### EXERCISE REQUIREMENTS
Transcribe the entries below exactly, starting with the line that has "GREENLAND 1905-2010, */**" and stopping after the line that has "中国共产党第二十届中央委员会第四次全体会议公报"; no pictures belong in the copy.

___ SOURCE DATA ___

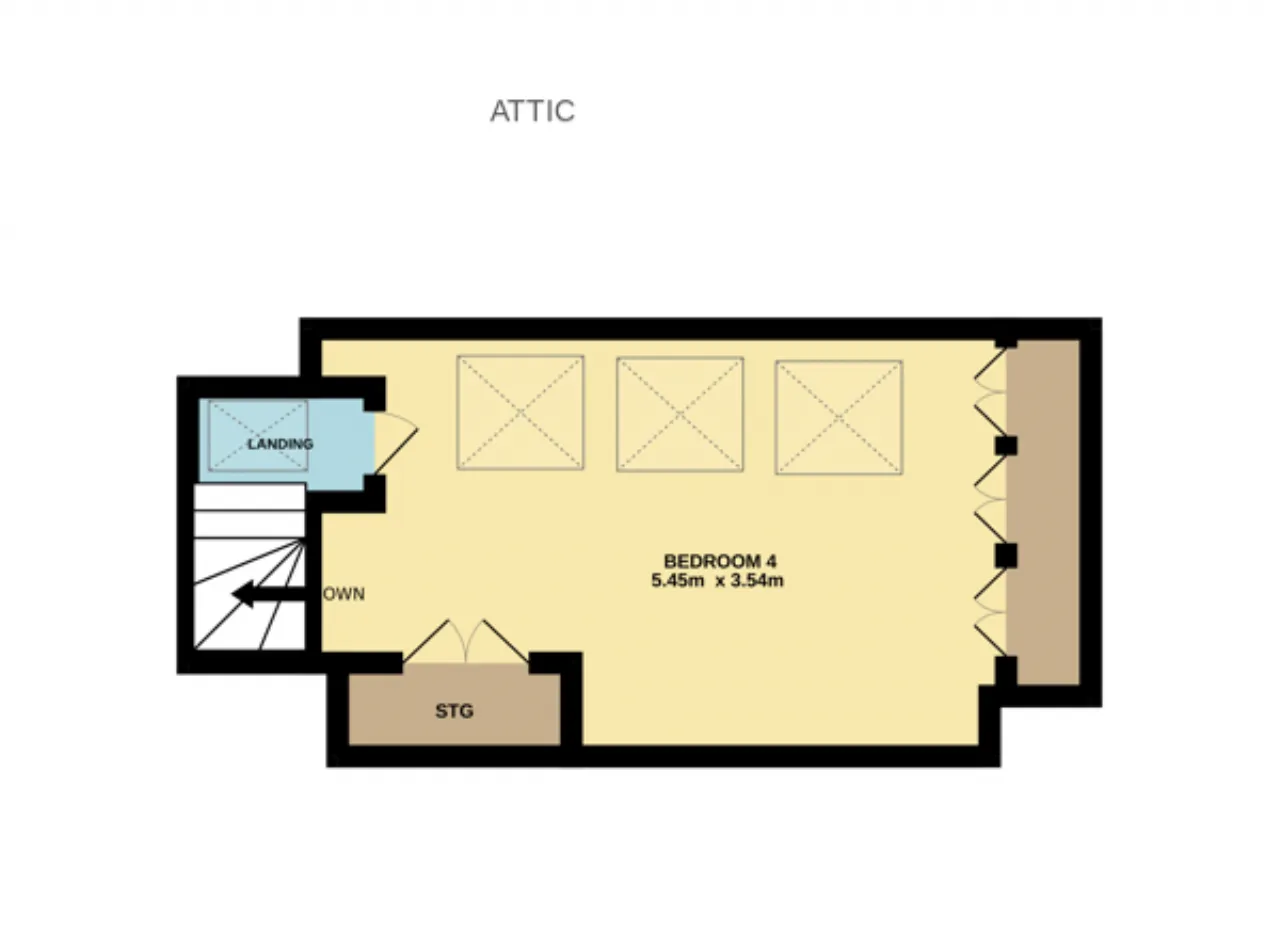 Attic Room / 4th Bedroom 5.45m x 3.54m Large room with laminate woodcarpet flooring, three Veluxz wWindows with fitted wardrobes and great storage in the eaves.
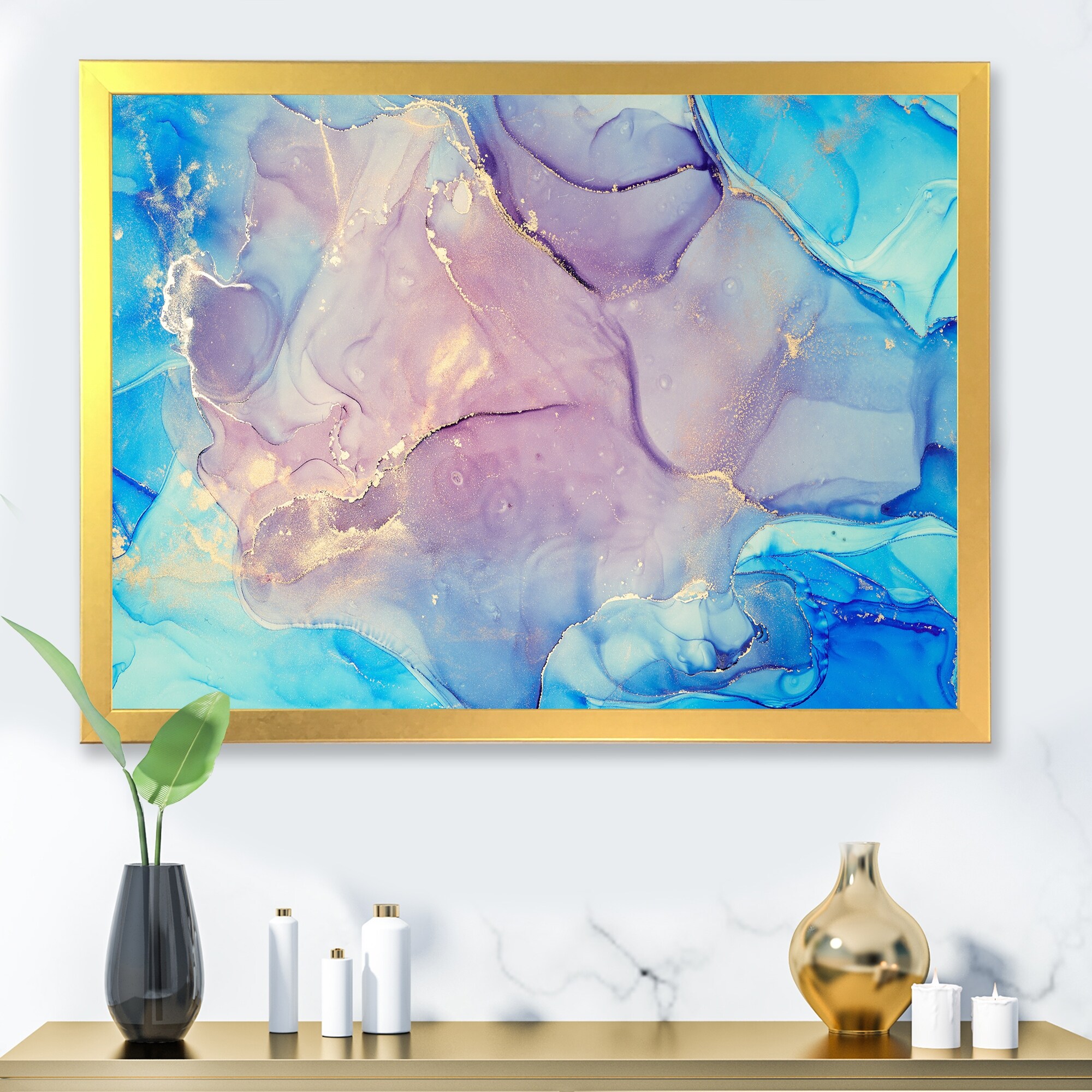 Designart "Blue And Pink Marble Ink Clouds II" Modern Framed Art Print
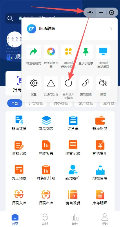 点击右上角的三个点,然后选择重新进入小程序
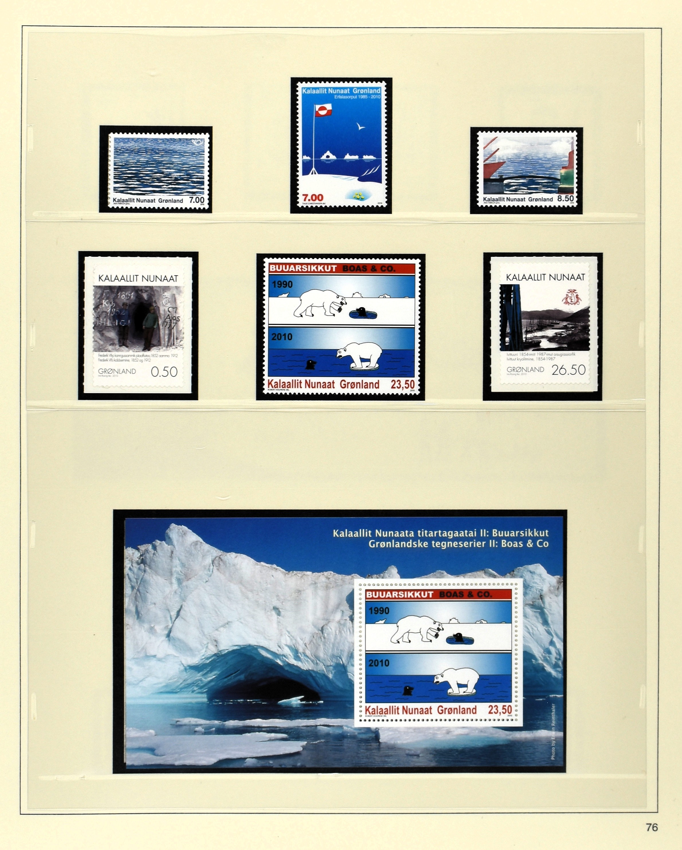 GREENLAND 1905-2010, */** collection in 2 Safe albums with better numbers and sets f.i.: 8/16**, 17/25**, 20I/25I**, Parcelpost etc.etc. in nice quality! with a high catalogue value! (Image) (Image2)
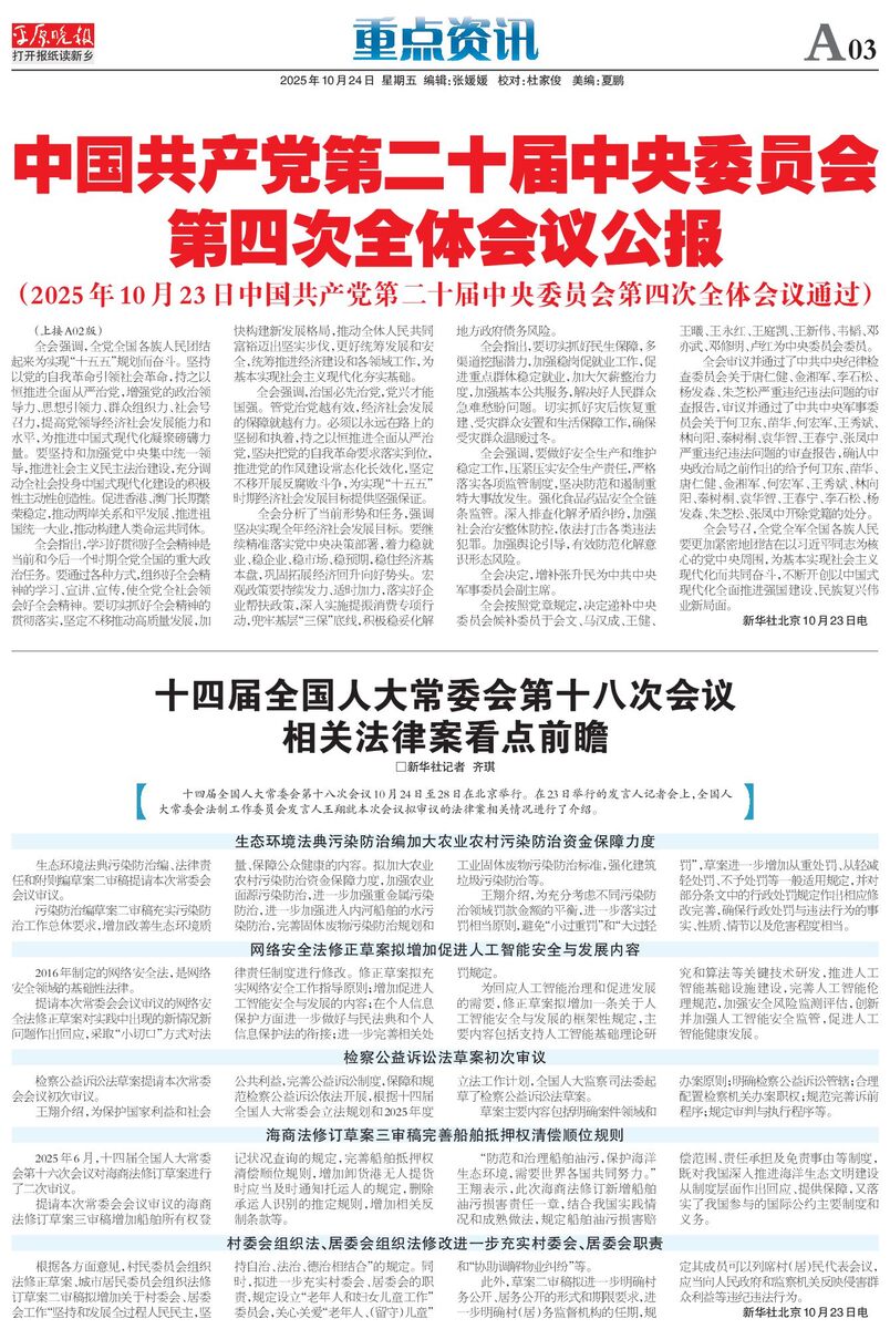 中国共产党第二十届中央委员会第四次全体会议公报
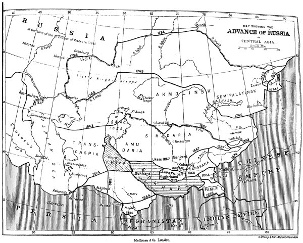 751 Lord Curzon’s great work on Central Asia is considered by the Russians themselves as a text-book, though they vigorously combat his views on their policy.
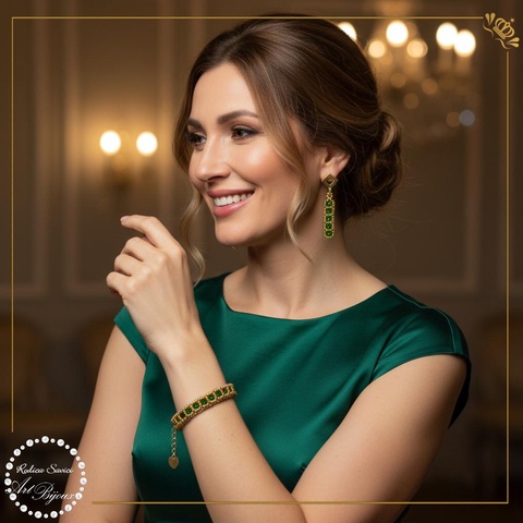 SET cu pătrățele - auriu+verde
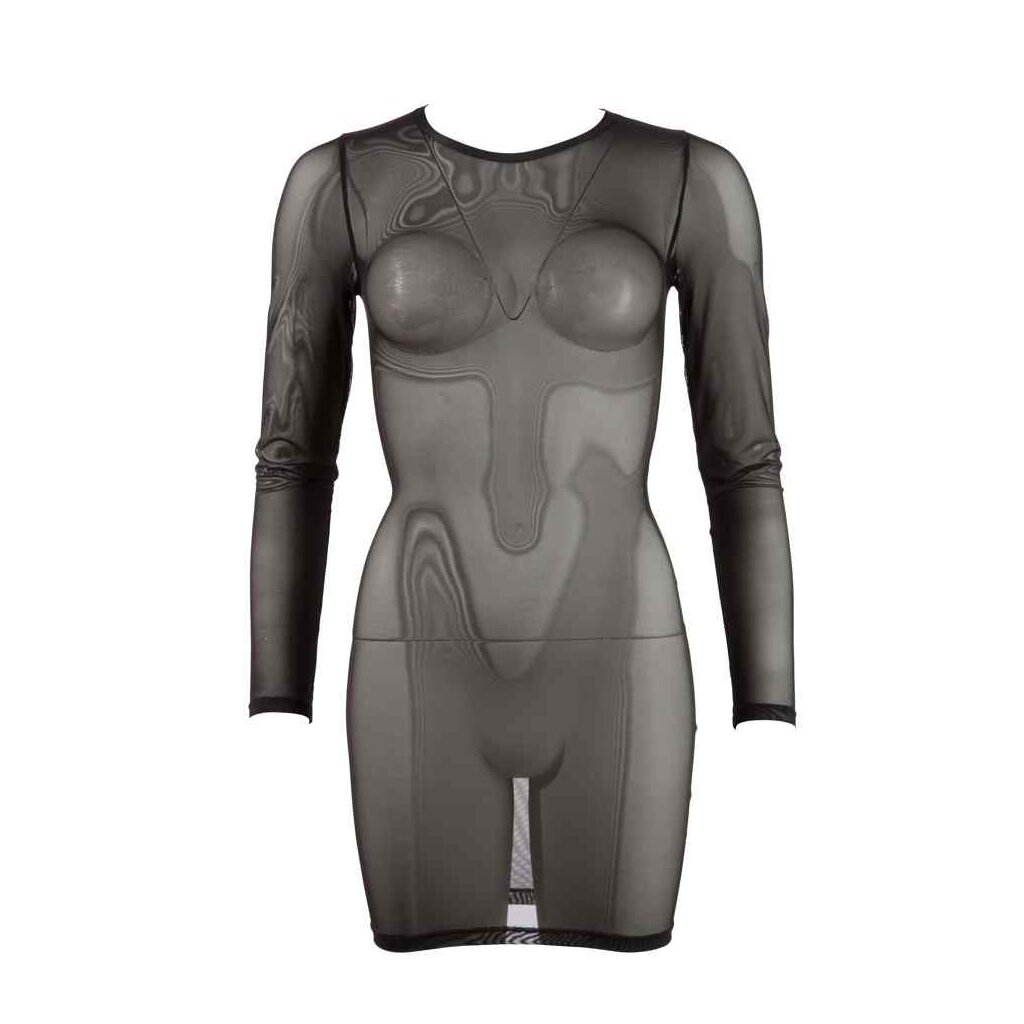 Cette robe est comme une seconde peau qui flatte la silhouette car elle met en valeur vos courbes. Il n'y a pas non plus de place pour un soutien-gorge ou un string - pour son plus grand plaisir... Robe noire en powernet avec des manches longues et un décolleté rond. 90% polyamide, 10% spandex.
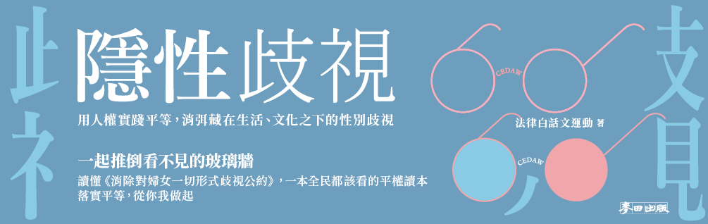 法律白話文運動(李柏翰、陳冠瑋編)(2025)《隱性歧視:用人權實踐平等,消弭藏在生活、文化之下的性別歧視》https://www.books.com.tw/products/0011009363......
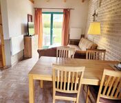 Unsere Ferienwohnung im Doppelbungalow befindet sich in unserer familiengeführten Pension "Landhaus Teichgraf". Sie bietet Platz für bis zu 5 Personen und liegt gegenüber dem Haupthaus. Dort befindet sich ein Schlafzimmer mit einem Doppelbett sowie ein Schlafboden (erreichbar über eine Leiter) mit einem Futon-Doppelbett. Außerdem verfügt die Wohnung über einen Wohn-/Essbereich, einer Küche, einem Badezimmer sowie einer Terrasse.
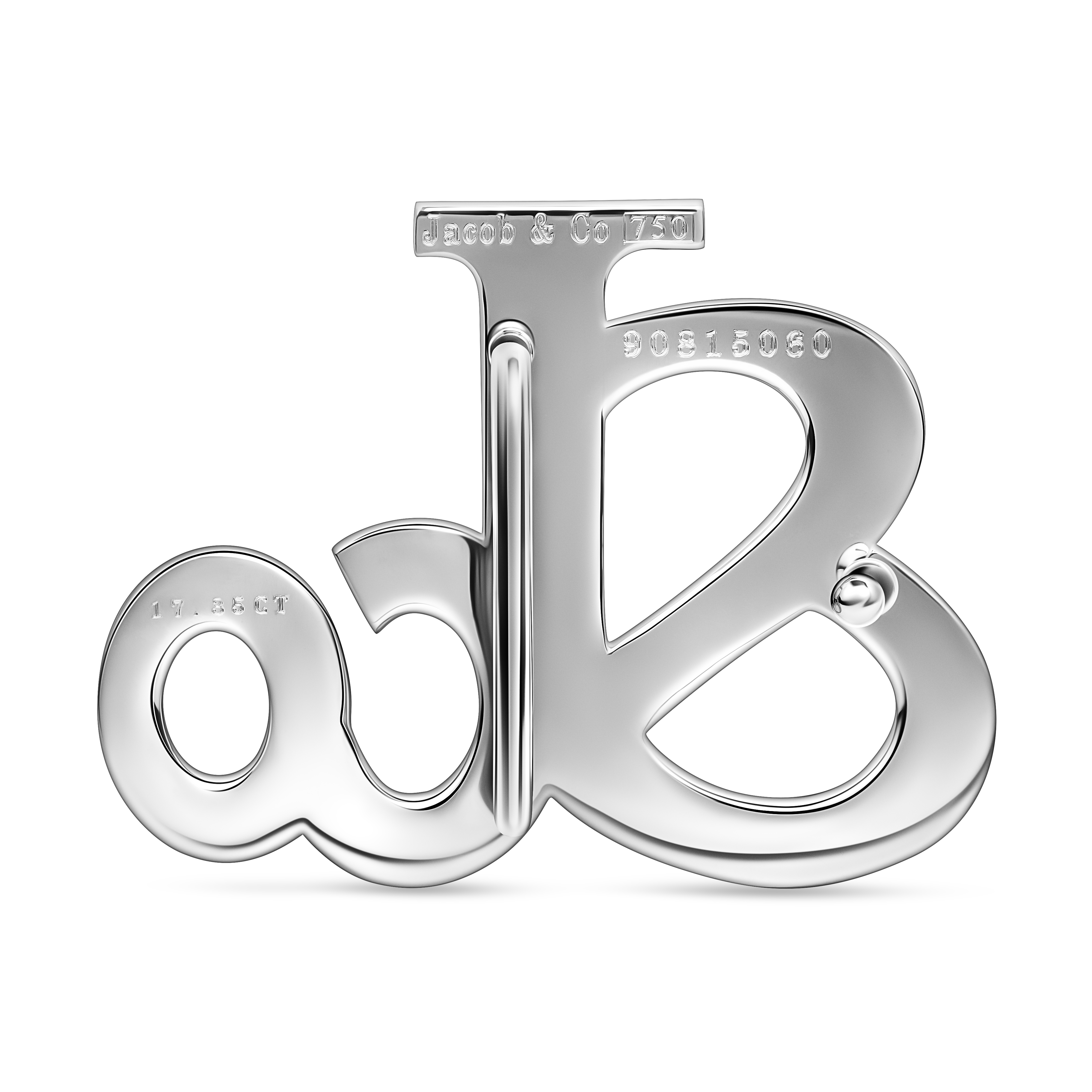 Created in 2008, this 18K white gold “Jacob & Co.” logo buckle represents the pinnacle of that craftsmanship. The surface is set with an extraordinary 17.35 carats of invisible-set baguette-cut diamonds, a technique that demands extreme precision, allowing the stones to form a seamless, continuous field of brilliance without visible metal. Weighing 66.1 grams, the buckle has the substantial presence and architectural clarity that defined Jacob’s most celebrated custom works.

___

### ANSWER FOR THE TASK
 GREENLAND 1905-2010, */** collection in 2 Safe albums with better numbers and sets f.i.: 8/16**, 17/25**, 20I/25I**, Parcelpost etc.etc. in nice quality! with a high catalogue value! (Image) (Image2)
 中国共产党第二十届中央委员会第四次全体会议公报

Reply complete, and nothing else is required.